Default to low for chat and instruction-following. Google’s own documentation recommends low for structured data extraction, summarization, and high-throughput applications. Reserve high for tasks that genuinely require multi-step reasoning.
Use medium as your safe middle ground. If you’re unsure about task complexity, medium provides balanced reasoning without the full token cost of high. It’s often sufficient for tasks like comparison, moderate analysis, and structured generation.
Consider Gemini 3 Flash over Pro for most workflows. Flash at $3.00/1M output tokens is 4x cheaper than Pro at $12.00/1M. For many tasks with medium thinking on Flash, quality is comparable to high thinking on Pro at a fraction of the cost.
Monitor thought signatures in multi-turn conversations. Gemini 3 returns encrypted thought signatures that must be passed back in subsequent turns. Missing signatures degrade reasoning quality, potentially forcing you to increase thinking levels to compensate, which increases costs.

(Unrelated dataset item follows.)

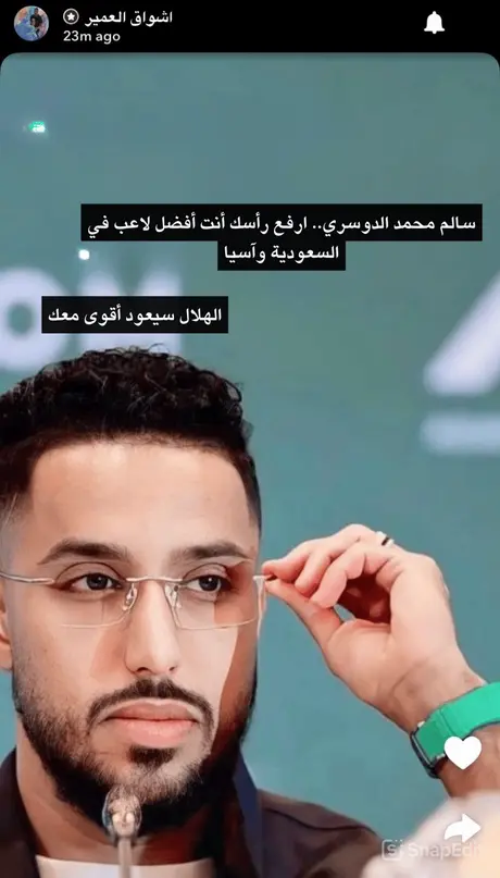 وفي هذا الإطار، شاركت أشواق العميرة تدوينة عبر حسابها الشخصي على منصة “سناب شات”، ردّت من خلالها على المشككين في قدرات سالم الدوسري، قائلة: “سالم محمد الدوسري، ارفع رأسك، فأنت أفضل لاعب في السعودية وآسيا”.

Leverage the free tier for prototyping. Gemini 3 Flash offers a free tier with limited rate limits. Use it to benchmark different thinking levels against your task types before committing to paid usage patterns.

Key takeaways

The thinking_level parameter is one of the most impactful cost controls Google has added to the Gemini API. Every request defaults to high reasoning, which means every request generates the maximum number of thinking tokens possible for that prompt. For anything beyond complex problem-solving, that’s wasted spend. Set low for straightforward tasks like classification and extraction, medium for balanced reasoning, and reserve high for the tasks that genuinely demand it. Track your thinking token counts with usage_metadata.thoughts_token_count to verify the savings. For production workflows processing large volumes of diverse requests, build or integrate a routing layer that dynamically assigns the right thinking level to each task. That single optimization, applied consistently, can reduce your Gemini API costs substantially without degrading output quality where it counts.